Strength and limitations of deep brain stimulation
Although the participants still experienced Parkinson’s disease progression during the study, their quality of life continued to improve by an average of 14% from surgery to follow-up approximately 15 years later. Experts say this discovery illustrates the advantages and limitations of deep brain stimulation in the treatment of Parkinson’s disease.
Michael S. Okun, MD
The study also shows that deep brain stimulation is a symptomatic treatment, which means that many features of Parkinson’s disease will continue to develop, including walking, speaking, and thinking problems.
— Michael S. Okun, MD
“This study confirms [certain people] People with Parkinson’s disease may get long-term benefits from deep brain stimulation. However, the study also shows that deep brain stimulation is a symptomatic treatment, which means that many features of Parkinson’s disease will continue to develop, including walking, talking, and thinking problems,” said Michael S. Parkinson, MD, University of Florida. Chairman and Executive Director of Neurology at the Health Norman Ficksel Institute of Neurological Diseases.
In general, experts say these results help clarify what Parkinson’s disease patients most want to know when considering this treatment.
“This study answers two key questions we often get from clinical patients: How long will the effect of deep brain stimulation last? Will deep brain stimulation lose its effect over time?” Dr. Langevin said. “The authors of the study confirmed our long-term clinical observation that deep brain stimulation will maintain its benefits over time.”
It is important to note that this study is entirely focused on deep brain stimulation of the subthalamic nucleus. The therapy can also target another part of the brain, called the globus pallidus, but long-term results of deep brain stimulation in this area have not been obtained.
Is deep brain stimulation right for you?
Although deep brain stimulation has been shown to provide long-term benefits, this treatment does have some risks. According to the Parkinson Foundation, there is a 1% to 3% chance of infection, intracranial hemorrhage, stroke, or other complications due to treatment.
In addition, deep brain stimulation may be more effective for some people than others. If you have experienced Parkinson’s disease symptoms for at least five years, are struggling with the side effects of Parkinson’s disease medications, or your symptoms make it difficult for you to perform daily activities, this may be an option worth considering.

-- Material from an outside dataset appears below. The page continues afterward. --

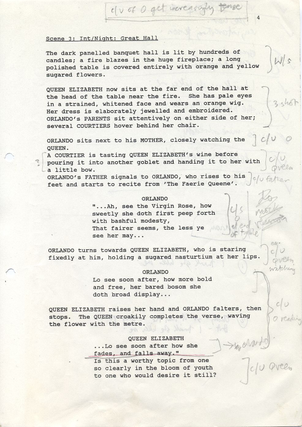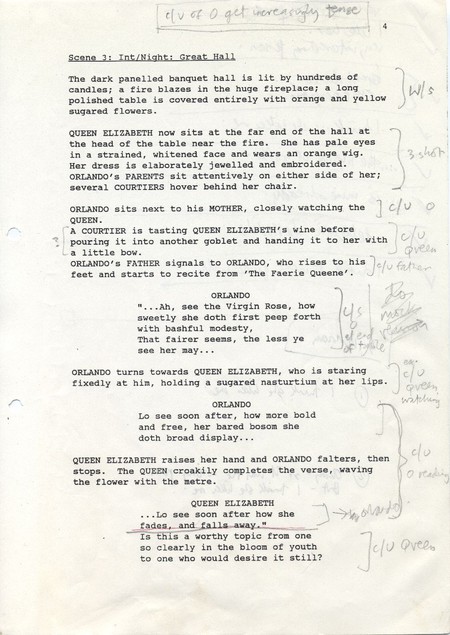 This pathway aims to provide insights into the complexities of creating, constructing and shooting a single shot. As you can see from the list of items in the pathway, a plethora of materials are generated for each shot which can relate to their creative vision (directors notes), their logistical planning (schedules), the tracking and logging of materials (shots, takes and reel numbers, continuity), their previewing (video assist footage) and their documenting (photographic images). I attempt to provide a contextual dialogue for each of the items in the pathway, explaining their function and their relationship to one another. I have also attempted to order the items procedurally to demonstrate the off/on set workflow.

“The decision to support or oppose deep brain stimulation should be evaluated by a multidisciplinary team that can jointly construct a risk-benefit profile of the potential candidate,” explained Dr. Okun. “The team usually consists of a neurologist, a neurosurgeon, a neuropsychologist, a psychiatrist and rehabilitation specialists.”
If you have Parkinson’s disease and are interested in exploring deep brain stimulation, please consult a neurologist.
What this means to you
If you are considering deep brain stimulation as a treatment for Parkinson’s disease, you may want to know how long this treatment lasts. Now, the doctor can confidently say that these benefits will last for at least 15 years, which may help you decide to try this treatment.
Although deep brain stimulation has shown promising results for patients with Parkinson’s disease, there are also some risks. Experts say that you should work with a multidisciplinary team of medical professionals to determine whether the potential benefits of this treatment outweigh the risks involved.